Question 4. Did the variance change between tests? The estimated variance is 0.876 in the first test and 0.974 in the second. Is it possible that it is getting worse? The Null Hypothesis is that the difference between these estimates is due to random variation. The quantity, F (Table 12.1, row 18), is defined as the ratio of the sum of squares of the two sets of measurements, and is thus proportional to the ratio of their estimated variances. In this case, F^est = 1.11 (Table 12.1, row18). An F that is greater than unity implies that the variance appears to get larger (worse). An F less than unity would mean that the variance appeared to get smaller (better). As F is defined in terms of a ratio, 1/F^est is as better as F^est is worse. Thus, a two-sided test is needed to assess whether the variance is unchanged (neither better nor worse); that is, one based on the probability, P(F ≤ 1/F^est or F ≥ F^est), which in this case is 0.79. Once again, the Null Hypothesis cannot be rejected.
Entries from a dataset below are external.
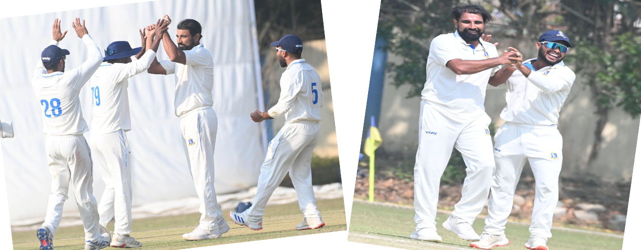 এরপর খেলতে নেমে ৭.১ ওভারে ১৩ রানের মধ্যে প্রথম তিন উইকেট হারায় জম্মু ও কাশ্মীর। এরপর পরিস্থিতি সামাল দেন অধিনায়ক পরশ ডোগরা ও আবদুল সামাদ। চতুর্থ উইকেট জুটিতে তাঁরা ১৪৩ রান যোগ করেন। যদিও দলগত ১৫৬ রানের মাথাতেই সামাদ ও ডোগরা সাজঘরে ফেরেন। সামাদ ৮২ ও ডোগরা ৫৮ রান করেন। আবিদ মুস্তাক ২৬ ও কানহাইয়া ওয়াধাওয়ান ১০ রানে অপরাজিত আছেন। মহম্মদ শামি তিনটি ও মুকেশ কুমার ২টি উইকেট নিয়েছেন।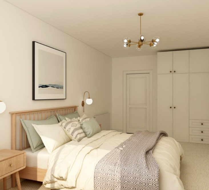 For the bedroom, my aim was to cultivate a tranquil and peaceful atmosphere. Considering the room's long and narrow layout, I sought to amplify the feeling of openness while optimizing storage options. I introduced a spacious IKEA Platsa modular wardrobe positioned discreetly behind the door and placed a wide chest of drawers beneath the window. Beside the drawers, a stool serves a dual purpose: it provides a comfortable seat for putting on shoes and offers extra storage.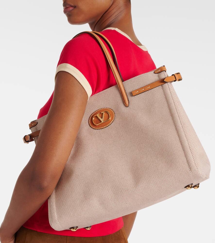 Material: fabric. Lining: fabric. Made in Italy. Designer color name: Naturale-Tobacco / Natural Camel. Trim: leather. Top handles, Detachable, adjustable shoulder strap. Closure: magnetic fastening. Includes: dust bag. Protective feet. Buckle-fastening sides for adjustable width. Internal details: internal zipped pocket. Shop the latest Valentino Garavani Tote Bags for women now.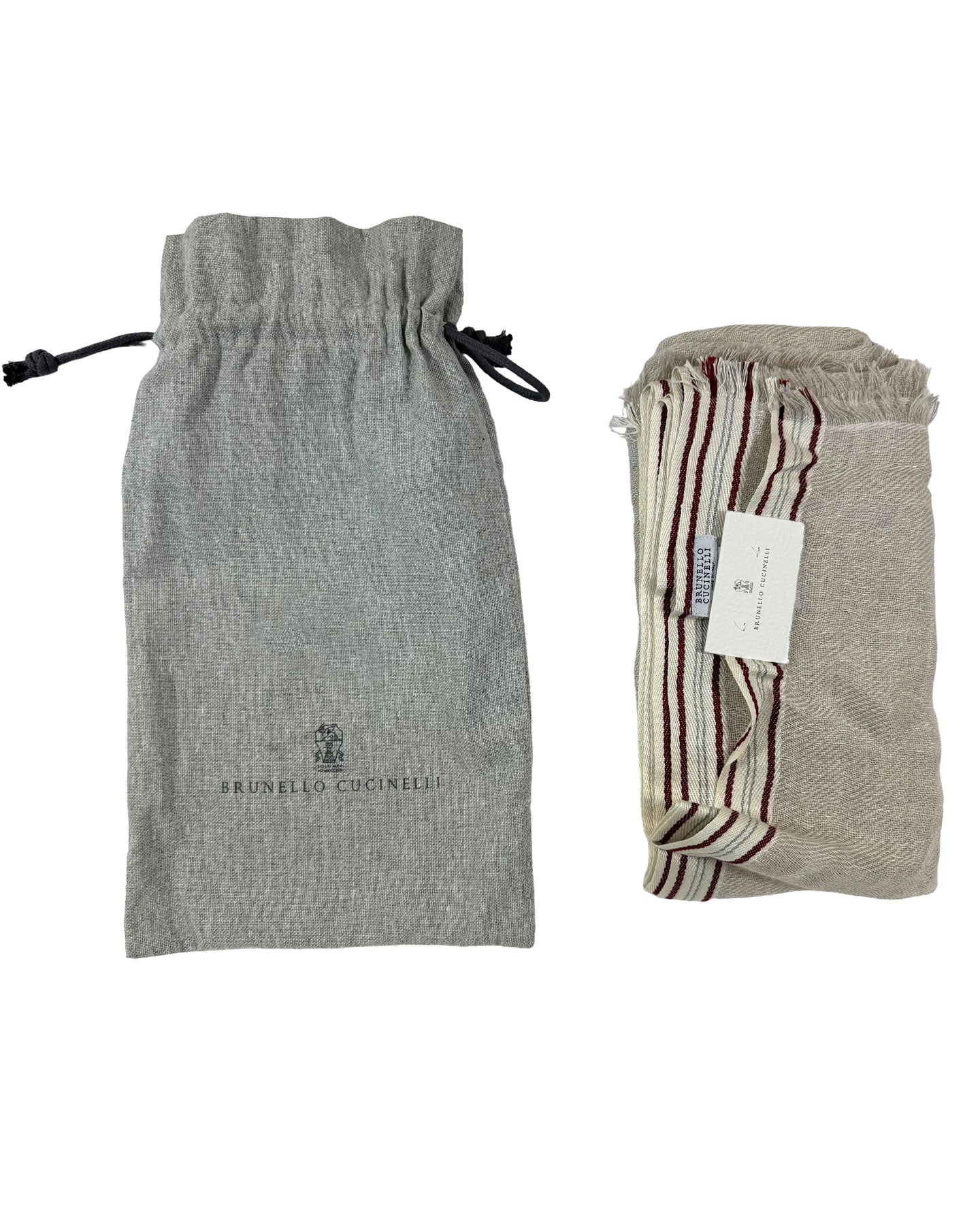 Spring Summer: Authentic Brunello Cucinelli scarf, beige gray white with maroon stripe silk/ cashmere/ linen, short eyelash fringe, made in Italy. Genuine discounted Brunello Cucinelli men suits, scarves, ties, dress shirts, the very best fabrics and quality.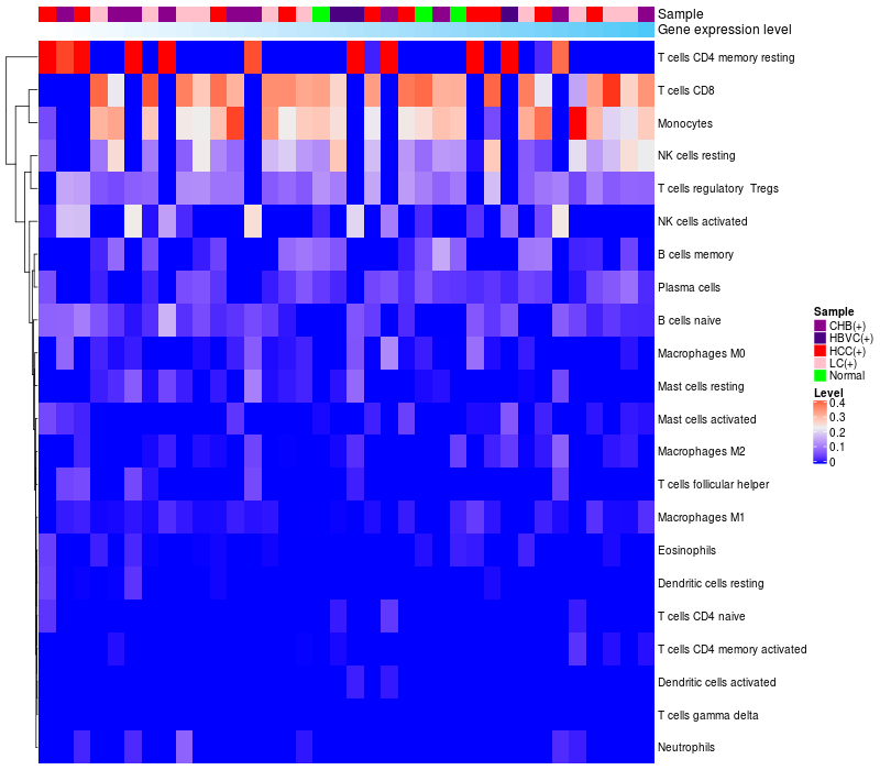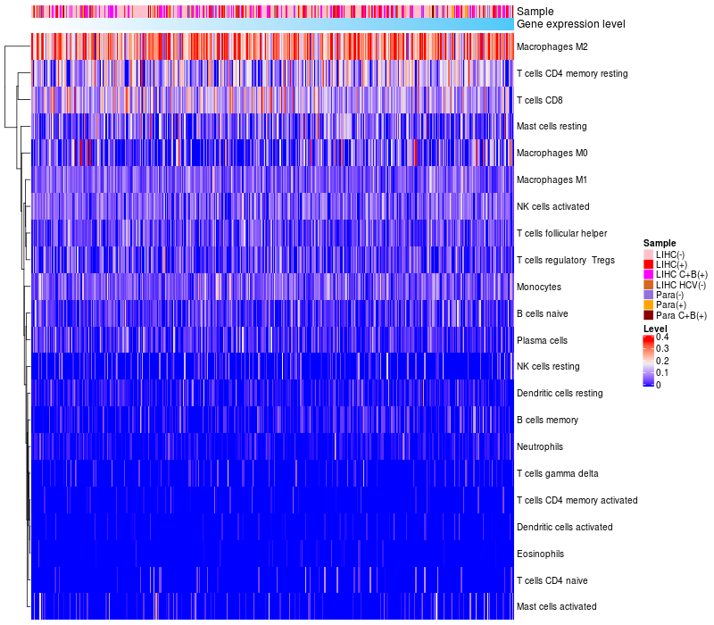 Liver hepatocellular carcinoma HCV (HBV+)(86), Liver hepatocellular carcinoma HCV (HBV-)(19), Liver hepatocellular carcinoma (HBV+)(209), Liver hepatocellular carcinoma (HBV+)(60), Paracancerous HCV (HBV+)(4), Paracancerous (HBV-)(28), Paracancerous (HBV+)(18) |

The MatLab code for computing P(F ≤ 1/F^est or F ≥ F^est) is

if(F<1)
 F=1/F;
end
PF = 1 − (fcdf(F,NA,NB)−fcdf(1/F,NA,NB));

(MatLab eda12_07)

The function, fcdf(), computes the cumulative F-probability distribution. Note that F is replaced with its reciprocal if it is less than unity. Here NA and NB are the degrees of freedom of tests 1 and 2, respectively (both 25, in this case).

We summarize below what we have learned about the instrument:

Note that in each case, the results are stated with respect to a particular Null Hypothesis.

12.5 Chi-squared test for generalized least squares

In the previous section, we developed a chi-squared test to assess the Null Hypothesis that an estimated (posterior) variance differs from a prescribed (prior) value only because of random variation. As discussed in Section 4..8, the posterior variance can be estimaed from the error of fit (Equation 4.31), such as the fit of a model determined by generalized least squares. Thus, we can use a chi-squared test to assess the following:

Null Hypothesis

The difference of the generalized error from its expected value is due to random variation.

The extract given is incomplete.